> _Source data_:
-=-=-
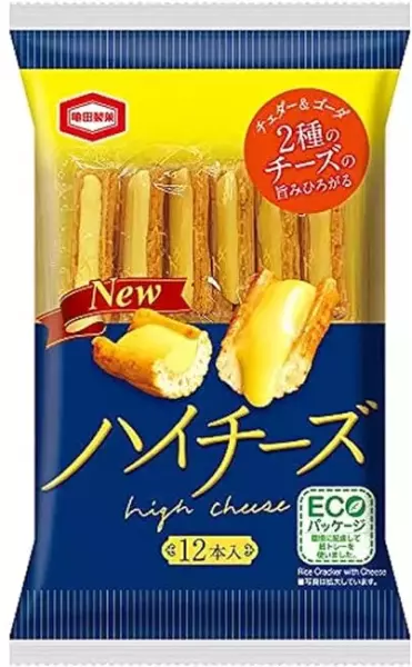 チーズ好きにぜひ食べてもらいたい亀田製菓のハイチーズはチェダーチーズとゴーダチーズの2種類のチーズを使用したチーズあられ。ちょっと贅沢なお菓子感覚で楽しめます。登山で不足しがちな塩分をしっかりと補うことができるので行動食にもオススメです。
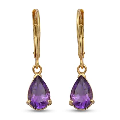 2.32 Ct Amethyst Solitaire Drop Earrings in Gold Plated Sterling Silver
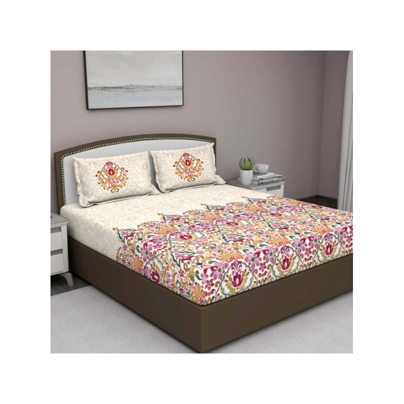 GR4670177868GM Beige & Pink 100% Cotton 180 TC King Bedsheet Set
-=-=-
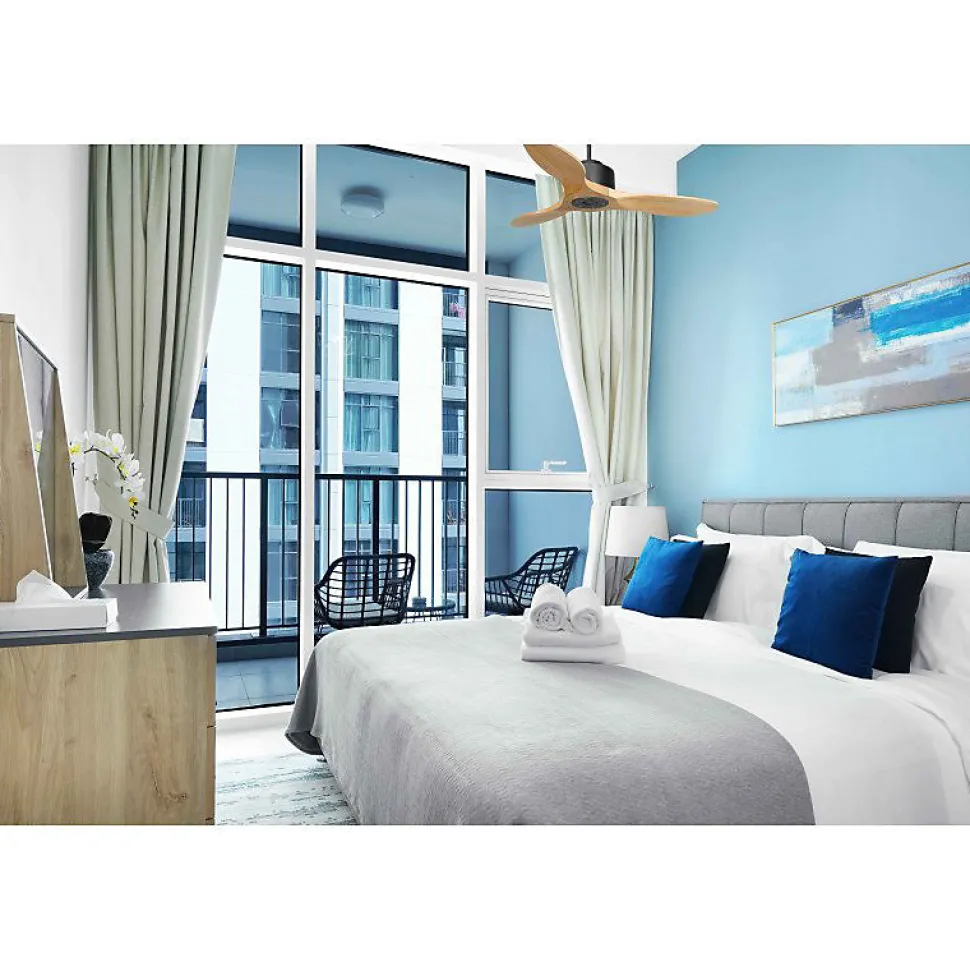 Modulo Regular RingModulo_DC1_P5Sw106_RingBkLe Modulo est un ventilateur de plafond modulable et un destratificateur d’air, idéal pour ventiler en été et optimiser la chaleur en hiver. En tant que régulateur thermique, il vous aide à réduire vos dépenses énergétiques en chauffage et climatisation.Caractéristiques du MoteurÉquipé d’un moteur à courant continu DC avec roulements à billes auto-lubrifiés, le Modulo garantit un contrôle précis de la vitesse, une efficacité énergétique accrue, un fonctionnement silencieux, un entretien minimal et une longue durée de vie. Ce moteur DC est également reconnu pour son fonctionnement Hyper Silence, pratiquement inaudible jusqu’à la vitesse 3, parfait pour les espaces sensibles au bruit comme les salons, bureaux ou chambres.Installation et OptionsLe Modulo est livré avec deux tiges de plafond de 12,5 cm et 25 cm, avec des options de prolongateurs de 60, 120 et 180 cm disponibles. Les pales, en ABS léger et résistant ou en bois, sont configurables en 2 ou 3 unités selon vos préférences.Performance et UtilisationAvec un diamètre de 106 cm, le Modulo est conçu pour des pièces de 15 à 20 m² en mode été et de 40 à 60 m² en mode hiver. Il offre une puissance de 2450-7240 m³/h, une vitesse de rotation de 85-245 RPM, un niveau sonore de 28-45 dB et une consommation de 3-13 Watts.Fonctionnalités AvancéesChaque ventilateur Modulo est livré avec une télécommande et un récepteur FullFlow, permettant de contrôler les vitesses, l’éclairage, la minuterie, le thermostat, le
-=-=-
> _Assigned task_:
Copy word for word the lines above, starting at the line containing "2.32 Ct Amethyst" and ending at the line containing "GR4670177868GM Beige &", inclusive, with no pictures.

> _Solution to this problem_:
 2.32 Ct Amethyst Solitaire Drop Earrings in Gold Plated Sterling Silver
 GR4670177868GM Beige & Pink 100% Cotton 180 TC King Bedsheet Set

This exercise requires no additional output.